It’s A Hard Doc Life

by indieWIRE (April 20, 1998)

It's A Hard Doc Life

by Anthony Kaufman


Unless the subject is frats, Madonna, or Courtney Love, documentaries can get a bad rap. Often snubbed by programmers and audiences alike simply because they are in the non-fiction format, fantastic films get overlooked. In the case of the 1998 LAIFF, festival brass point to a lack of non-narrative options. "We could not find documentaries that had not already premiered elsewhere," Robert Faust told indieWIRE on Saturday, "meaning that there just wasn't as much to choose from as in prior years." There were roughly 100 feature-length docs (over 50 minutes) submitted to the festival and only two films were chosen to reel in LA: Bennett Miller's "The Cruise" and Susan Koch's "City at Peace."

In an introduction before Saturday morningís "The Cruise" screening, Betsy A. McLane, Executive Director of the International Documentary Association, stated, "There is a dearth of documentaries this year." Even with docs like "Sick: The Life and Death of Bob Flanagan, Supermasochist" winning the LAIFF's top award last year and "Off the Menu: The Last Days of Chasens" closing the fest, and directors like Errol Morris and Barbara Koppel mainstreaming the form, most documentary filmmakers must still challenges. In the case of the festival, Miller and Koch were programmed in single 10:30 am slots, as opposed to more "flashy" films grabbing the evening slots. "It's a bummer," admits Faust, "It's something that we need to change. We were going to add a last minute midnight showing for "The Cruise," and we found out that we couldn't." Although Faust's heart is in the right place, preference for added screening opportunities went to the sold-out comedy, "Starf*cker" and the hallucinatory dark pic, "Broken Vessels." .

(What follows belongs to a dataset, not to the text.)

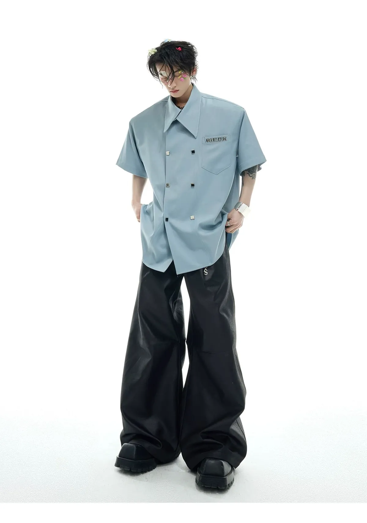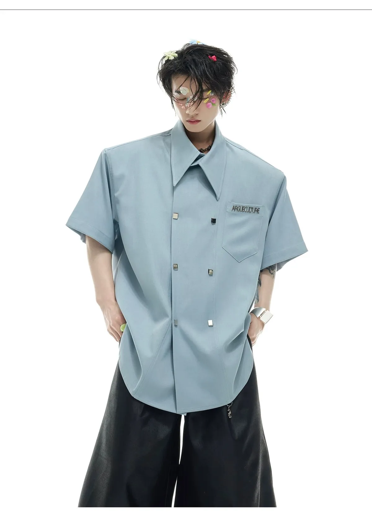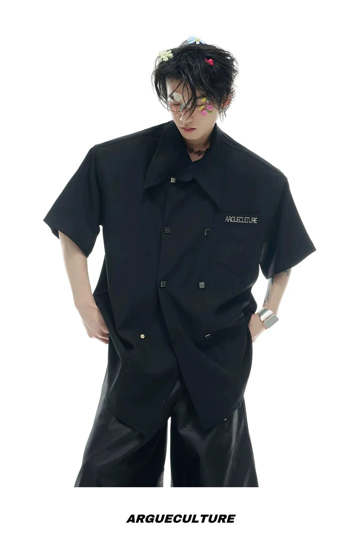 ARGUE 夏季涼感 雙排扣 尖領 襯衫(黑/白/藍)
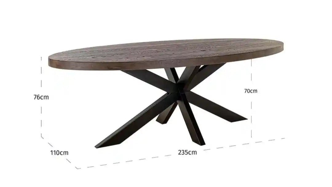 Elegant oval table Watson is a combination of the natural beauty of wood and the solidity of metal, creating a striking piece of furniture for the dining room or living space. The thick oak top delights with its deep grain pattern, while the black metal base in the shape of spreading arms gives the whole a modern, industrial character.

Amidst the congratulatory glow of his first and only screening, Bennett Miller confessed, "It would have been nice to get another screening, but there were 1,200 films [submitted] and to be one of them is very fortunate." Miller's first feature film "The Cruise" follows Timothy "Speed" Levitch, a tour guide on New York's Gray Line, who is a sort of cross between German poet Rainer Maria Rilke and a kvetching, philosophizing Woody Allen. As "Speed" fights off the evils of the paralyzing "anti-Cruise" and his

own isolation in a New York he thrives on and despises, the result is a cinematic trip both hilarious and tragic, witty and profound. (One audience member sitting next to me uttered an audible "wow" at multiple times during the screening). The film cleary resonated with the full house audience, eliciting extended applause and cheers. Bennett, a one man crew shooting on digital video in black and white (then bumped up to 35mm) took three years to complete the film and didn't realize how much "it speaks to people" until he had his first rough-cut screening. "It does seem to have some mystical gravitational attraction for people. If given an opportunity, it will find an audience. I think it can live in a small theater for a long time."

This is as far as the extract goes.